You might expect a business school to have plenty of faculty currently employed in their chosen profession. Most business school faculty members, however, have more experience in the classroom than in business.
That stems from requirements imposed by accrediting bodies such as the Association to Advance Collegiate Schools of Business. Until last year the AACSB required a majority of B-school faculty to have Ph.D.s. (The organization now requires that at least 40 percent of faculty have a doctorate—down from 75 percent—and gives schools more leeway in how they categorize their teaching staff to meet that minimum level.) Corporate executives teaching at B-schools usually have years, if not decades, of work experience, but most have capped their academic careers at the master’s level.
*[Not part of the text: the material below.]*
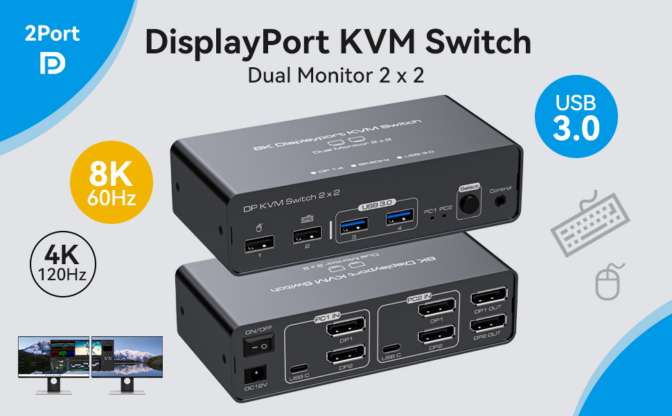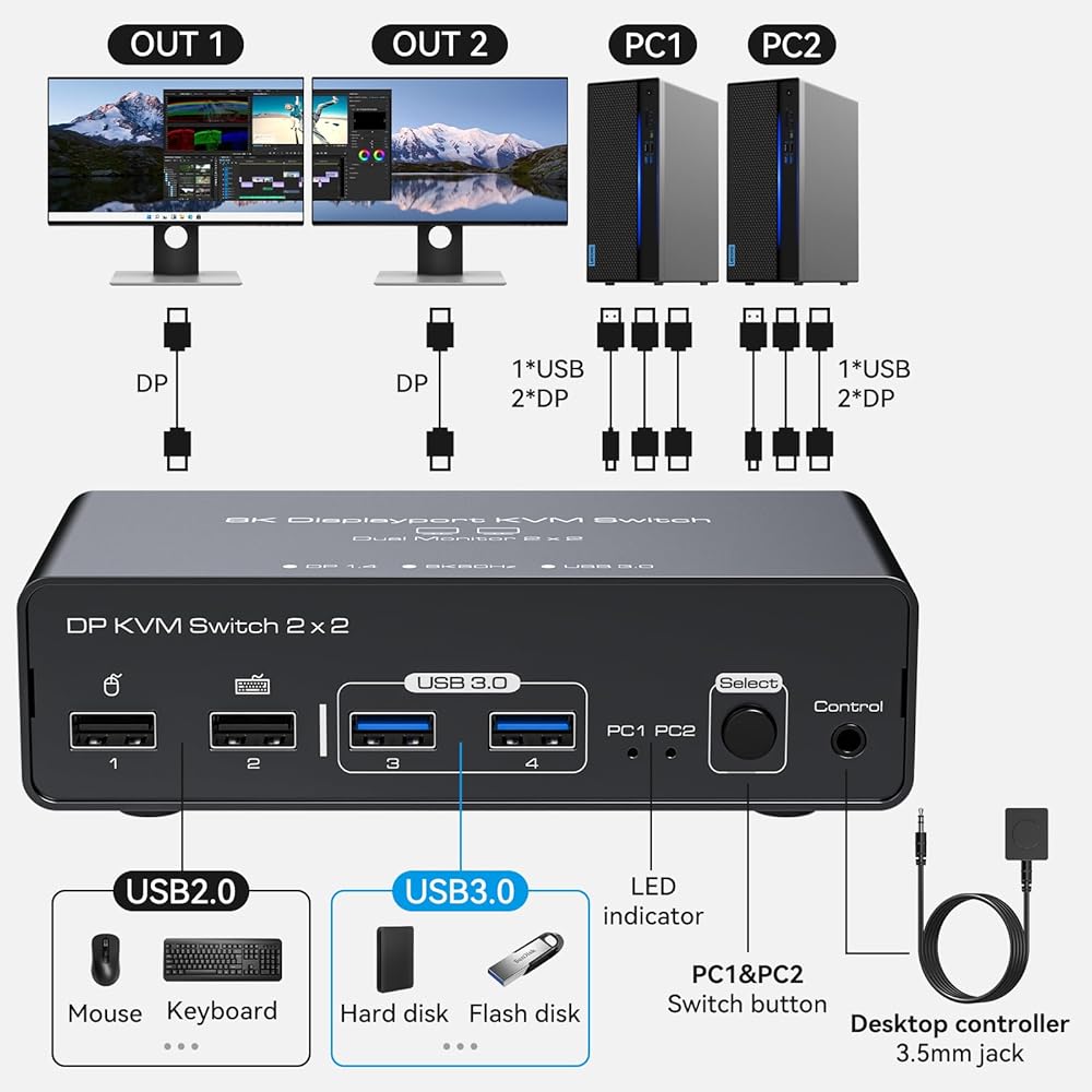 【دقة عالية الدقة 8K@60 هرتز】يدعم منفذ العرض kvm دقة مذهلة تصل إلى 8K@60 هرتز و4K@120 هرتز للحصول على جودة صورة وفيديو فائقة. كما أنه متوافق مع الدقة الشائعة مثل 4K@60 هرتز و1080P و720P. تأكد من أن المصدر وكابل DP يدعمان 8K@60 هرتز للحصول على الأداء الأمثل بأعلى دقة.

Without accreditation, business schools may not be included in some published B-school rankings. A strong rank is the gravitational force that attracts students. Companies also use accreditation to judge whether they should sponsor their managers in executive education programs, an important source of revenue for many institutions.
My school, Lake Forest Graduate School of Management, is not accredited by the AACSB because we don’t come close to meeting the minimum Ph.D. guideline. The school is accredited by the Higher Learning Commission, but that organization doesn’t carry the same weight as the AACSB.
It’s not that I place little value on Ph.D. credentials. My concern is about placing too much value on credentials that have not been vetted in the competitive marketplace. Executives that teach MBA classes can share lessons from their successes and, just as important, their failures.
That knowledge is what companies demand from our MBAs. Can doctorate-level business school professors prepare students for market ambiguity, industry shifts, and lukewarm employee motivation? Have they honed their knowledge to keep up with changes in the marketplace?
Unfortunately, academic institutions with a majority of tenured faculty (a level of job security that’s matched nowhere in business) can’t quickly respond to changing business and student needs. Tenured professors are often more interested in research than in solving business problems, and they hold incredible power within the institutions to keep the status quo.
Our job as educators is to clearly define, and constantly evaluate, the skills and critical thinking required to mentor future business leaders. The curriculum has no value if it’s not current with the demands of the business world. Faculty members that are also working managers understand that the classic formulas and theories are not sufficient, nor has the traditional B-school pedagogy evolved fast enough to keep pace with a rapidly changing business environment.
At Lake Forest, our faculty is 100 percent business practitioners. We don’t “settle” for them—we specifically seek them out, hiring faculty members with master’s degrees but also a unique mix of street-smart expertise and proven business acumen, plus the ability to teach both theory and practice.
What value do these teachers have?
Credibility with students
MBA students value faculty that have met payroll and had profit and loss responsibilities. These teachers understand that there is no singular discipline that can resolve complex product and market challenges, and no simple algorithm that will spew out the answer.
No mixed agendas
Business professionals are not compromised by trying to do research or advancing their own academic careers. They stay informed and continue to contribute as leaders within their niches. They believe intensely that their role is to provide real-world business teaching that students can rapidly apply to their jobs, careers, and companies.
The business practitioner as instructor tends to be more pragmatic and humble, and to see students as colleagues. They quickly develop a rapport, creating a collaborative learning atmosphere—not the traditional lecturer/demigod relationship that is the educational approach at most business schools today.
Educators know that new skills are most easily adopted with hands-on learning. Practitioners assign projects that force students to immediately apply what they have learned in the classroom to their own business situations. This type of learning fills the gap between knowing and doing, which you see in too many MBA graduates.
So why is it that the successful executive as instructor—those with a graduate-level degree and strong teaching skills—remains the exception in top business schools?